Zoals je aan de grafiek kunt zien (in de bijbehorende PowerPoint-presentatie),
komt het werkwoord βαπτίζω het meest voor in het Bijbelboek Handelingen (21 keer). Het
zelfstandig naamwoord βάπτισμα komt 19 keer voor in het Nieuwe Testament[39].

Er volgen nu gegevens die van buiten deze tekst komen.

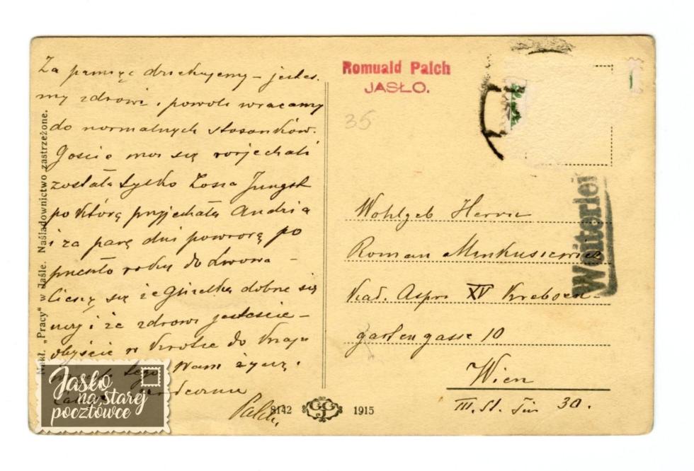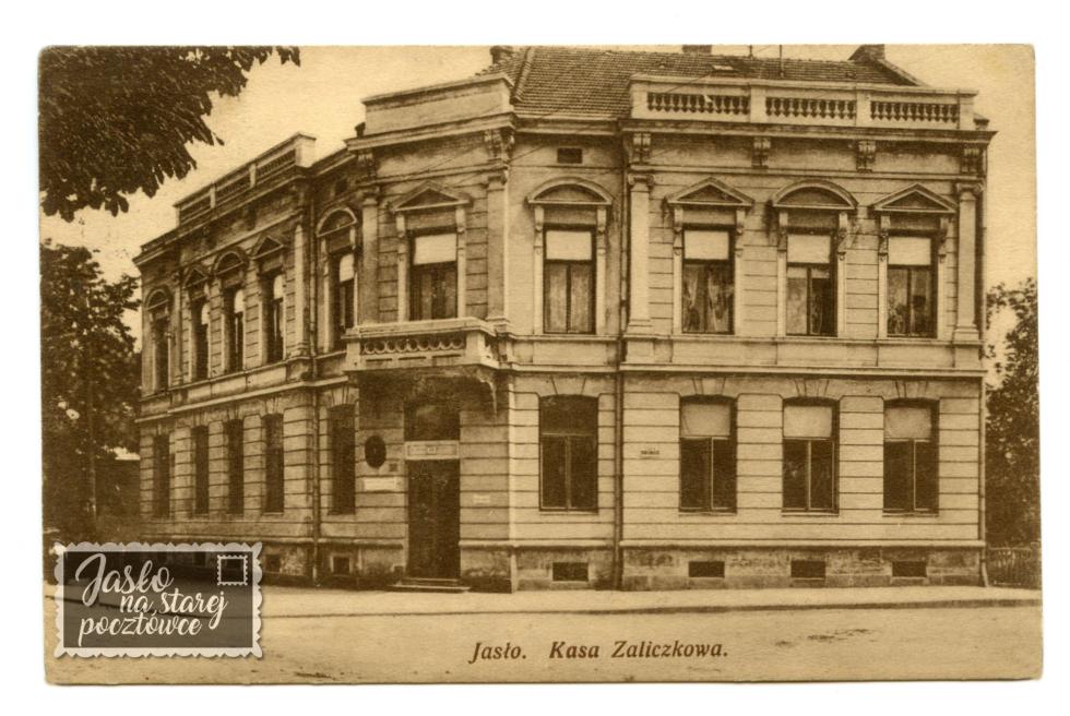 Budynek mieścił się przy dzisiejszym skrzyżowaniu ulic: Jana III Sobieskiego i H. Kołłątaja. Pocztówka wysłana przez znanego jasielskiego aptekarza Romualda Palcha .

Zoals je aan de grafiek kunt zien (in de bijbehorende PowerPoint-presentatie),
treffen we dit zelfstandig naamwoord ook het meest aan in het Bijbelboek
Handelingen (6 keer). Wat heeft dit ons te zeggen? In Handelingen lezen we over
heel veel personen afzonderlijk en ook over groepen mensen die tot het geloof
in Jezus Christus als de Zaligmaker komen. Vaak lezen we direct daarna dat zij
gedoopt werden. Het geloof en de doop zijn dus met elkaar verbonden. Daar wijst
ook het doopformulier op.
Als er bij ons in de
kerk een doopdienst gehouden wordt, leest de predikant voordat de doopbediening
plaatsvindt, altijd een daarvoor opgesteld formulier. Bij de kinderdoop wordt
het formulier om de Heilige Doop aan de kinderen te bedienen in zijn geheel
gelezen. Bij de volwassendoop wordt het formulier om de Heilige Doop aan de
volwassenen te bedienen in zijn geheel gelezen. In het eerste wordt de noodzaak
genoemd van de verantwoordelijkheid van de ouders om hun kinderen te
onderwijzen in de leer van het Oude en het Nieuwe Testament, in het tweede
wordt de noodzaak van het geloof van de volwassene die gedoopt wordt, genoemd.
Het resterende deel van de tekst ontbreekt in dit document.